Alberta, the Canadian province holding the world’s third-largest oil reserves, expects 31,800 jobs to be lost for the remainder of the year as a crude price crash forces producers to cut costs.
Even with the job losses, overall employment will rise 1% in 2015 because of gains carried over from December, the provincial finance ministry said Tuesday in a statement to reporters in Calgary. That compares with a 2.2% increase in employment last year. It would take a loss of 80,000 jobs before year-end to prevent employment from growing, the government said.
Suncor Energy Inc., Cenovus Energy Inc. and other oil producers have already shed thousands of jobs this year as they cut spending on new projects. The energy industry accounts for about a quarter of Alberta’s economy, making the province the most reliant on crude in Canada, and previously fueling a boom that saw real estate prices and the number of millionaires in Calgary surge.
West Texas Intermediate, the U.S. benchmark crude, will likely average $62 a barrel this year, Premier Jim Prentice said in an interview on Feb. 6 at Bloomberg headquarters in New York.

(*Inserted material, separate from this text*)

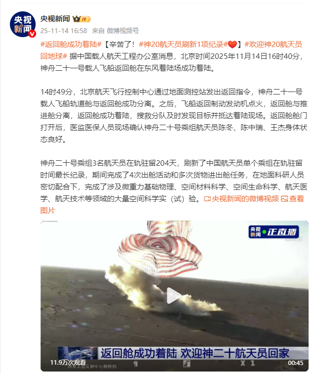 据中国载人航天工程办公室消息,北京时间2025年11月14日16时40分,神舟二十一号载人飞船返回舱在东风着陆场成功着陆。

The finance ministry declined to provide an update on its forecast for oil prices.
Alberta’s finance mininstry said on Tuesday it still expects to end the current fiscal year with a budget surplus but warned the full impact of lower crude prices won’t be felt until the next fiscal year.
For the current fiscal year ending March 31, the government will post a surplus of $465 million , down from an earlier forecast of $1.1 billion. The slump in crude prices has erased about $7 billion of government revenues, Prentice has said.
Alberta’s economy will expand 0.6% this year, the finance ministry said. That compares with 3.5% growth estimated for 2014. Consumer spending and exports of oil will keep Alberta from falling into a recession, the government said.
“Alberta is clinging to a surplus in FY14/15, but a much tougher fiscal challenge lies ahead. Exactly how the province chooses to handle it remains to be seen, and will make the 2015 budget one of the most anticipated in years,” said BMO economist Robert Kavcic.
The province in the early part of 2014 accounted for more than half of the jobs created in Canada before the price of oil began to tumble from a June high of more than $100 a barrel.